Это случается часто –
По заявлению Иоанна Богослова
И примечаниям Екклезиаста.
Под синим небом Вострякова
Белело
Неузнаваемым лицом
То,
Что было
Моим
Отцом.
Молнией смерти отца расколотое сознание не играет: боль сильна, требуются скупые слова силы, жёстко и точно рисующие картины.
Краткость звучит полифонично.
Стих Сапгира – кручёный, как правило: порою – резкие изломы определяют суть выразительности: всегда даваемой сильным образным лучом.
Сапгир много играл в поэзии: но – совершенно всерьёз.
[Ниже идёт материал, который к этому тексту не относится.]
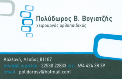 customer tabsΕπικοινωνίαΤραυματιολογία - ΟστεοπόρωσηΟστεοαρθρίτιδα - ΑθλητριατρικήΔέχεται καθημερινά 08:30 14:00Τρίτη - Πέμπτη - Παρασκευή 17:30-20:30Χειρούργοι ΟρθοπεδικοίΥγείαΚαλλονή (εμπορικό Κέντρο Χατζημανώλη), ΛέσβοςΛΕΣΒΟΣΝΗΣΙΑ ΑΙΓΑΙΟΥ ΠΕΛΑΓΟΥΣ 2253022833 694243839polidorosv@hotmail.com Το προτείνω (έχει προταθεί 0 φορές) ΦωτογραφίεςFacebook LikeShare on FacebookTweet Widget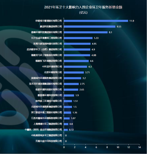据环卫科技网统计,截至2021年12月20日,环卫市场共释放158个亿元级环卫项目,开标项目总金额超757亿元,单个项目中标金额最高达61亿元。值得一提的是,侨银股份市场表现卓越,2021年中标总金额、年服务新增金额双双位居行业首位。两份榜单分别显示,公司年内共斩获15个环卫项目,总成交金额超178亿元;年服务新增金额11.9亿元,均位居榜首。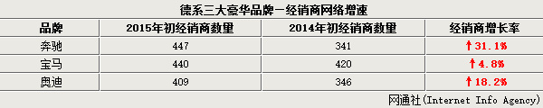 近年来德系三强在华的经销商网络均开始全面拓展,奔驰在2015年初已成为在华经销商数量最庞大的豪华品牌,总计达到447家,同比增长率高达31.1%。而宝马、奥迪的建店速度逐年放缓,增长率分别为4.8%和18.2%,经销商数量亦达到440家和409家。

И игра эта раскрывалась интересными цветами вечности.
2
Хаос рассеивается – благодаря усилиям творческой воли поэта, и круги перечисленного без знаков-препинаков только усиливают ощущения феномена: рождения поэзии из глобального хаоса:
Звезда ребёнок бык сердечко птичье –
Всё вздыблено и всё летит – люблю –
И на лету из хаоса леплю
Огонь цветок – всё – новые обличья
Моё существованье фантастично
Разматываясь космос шевелю
И самого себя хочу настичь я
Стремясь из бесконечности к нулю
Мощная ритмика Г. Сапгира глобальна: представляется колосс, поднимающий к звёздам огонь-цветок, представляется огромный человек, столь познавший космос, как удавалось только…древним халдеям.
Легендарным мудрецам, ведавшим, как и из чего слеплен мир.
…юмор Сапгира особого свойства: под названием «Душа» архитектурно выстраивается сонет, повествующий о бытовании рубашки, которая:
Меня вращали в барабане
Пытали в щёлочном тумане
Под утюгом мне было тяжко!
И вот обняв чужую шею
Я снова девственно белею
И пахну свежестью – рубашка!
Резкие его сонеты: ни на чьи непохожие!
…а вот – специфический киносеанс: выхваченный из истории Союза: киносеанс, разворачивающийся прихотливым узором строчек:
В церкви выключили свет.
Люди ждут,
А света нет.
Зашумели зрители:
– Мы любви не видели!
– Сапожники!
– Тише вы, безбожники!
Безбожники внесли икону.
Осветила половину
Дома.
Сразу стало меньше шума.
Тут со сцены говорят:
– Прослушайте доклад
На антирелигиозную тему.
Слова-строка.
Своеобразная механика поэтического текста.
Вспышки его: острые, как лезвие.
…многое совмещал поэт, впускал абсурд в свои стихи, оттенял их иронией, выстраивая свою метафизическую вселенную, играющую столькими красками, сколько, кажется, и у радуги нет.